Breyer’s interview comes a day after Roberts made a rare public statement rebuking Trump’s calls for Judge James Boasberg, chief judge of the US District Court for D.C., to be impeached in a post on social media.

The post came after Boasberg temporarily stopped Trump from deporting hundreds of alleged Venezuelan gang members. Trump didn’t refer to Boasberg by name, but called the Obama appointee a “Radical Left Lunatic of a Judge, a troublemaker and agitator.”

In a statement released by the Supreme Court’s Public Information Office, Roberts called the remarks “not an appropriate response” to disagreement with a court ruling.

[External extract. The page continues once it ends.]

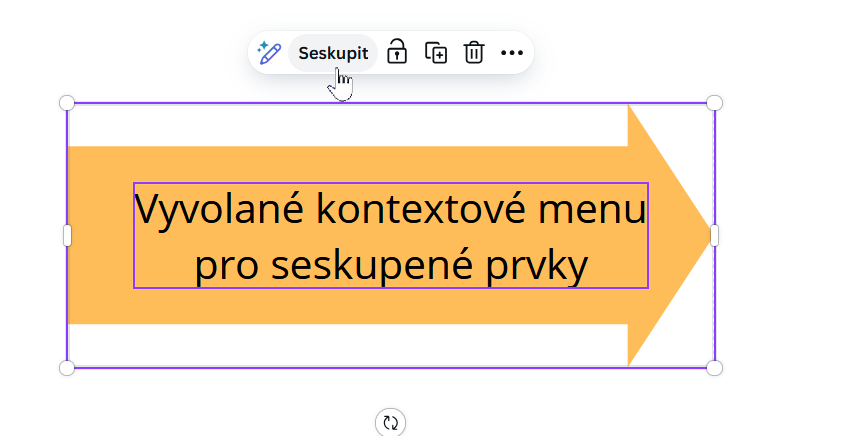 Kontextové menu otevřete pravým klikem na vybraný prvek nebo skupinu prvků. Nabídka je tzv. kontextová , což znamená, že se zobrazí jen příkazy relevantní k aktuálnímu výběru (jiné u textu, jiné u tvaru či obrázku, případně u více objektů najednou).

“For more than two centuries, it has been established that impeachment is not an appropriate response to disagreement concerning a judicial decision,” Roberts said in the statement Tuesday morning. “The normal appellate review process exists for that purpose.”

Breyer was asked what Roberts’ statement says about Trump, but he declined to answer.

“The statement doesn’t mention the president,” he said. Blitzer pushed back, saying it’s obvious given the timing of its release, but Breyer said Blitzer “can ask the person who made the statement.”

Trump responded to Roberts with an additional post on social media Tuesday night in which he doubled down in his criticisms of Boasberg.

“If a President doesn’t have the right to throw murderers, and other criminals, out of our Country because a Radical Left Lunatic Judge wants to assume the role of President, then our Country is in very big trouble, and destined to fail!” he said.

During a press conference Wednesday afternoon, however, White House Press Secretary Karoline Leavitt said the Trump administration “will continue to comply” with court orders and “fight these battles in courts.”

“But it’s incredibly apparent that there is a concerted effort by the far-left to judge shop, to pick judges who are clearly acting as partisan activists from the bench in an attempt to derail this president’s agenda,” she said.

Leavitt called Boasberg a Democrat activist, who’s consistently shown his disdain for Trump and his policies.

“The president has made it clear that he believes this judge, in this case, should be impeached and he has also made it clear that he has great respect for the Chief Justice John Roberts and it’s incumbent upon the Supreme Court to rein in these activist judges,” she said.

Breyer, who retired from the court in 2022, was asked during his interview if the court has enough credibility with the people in the US right now to push back against the president when necessary.

“You don’t want a president to be looking over his shoulder to public opinion,” Breyer said. “No judge decides a case by looking to the temperature of the day, but every judge is aware of the climate of the era.”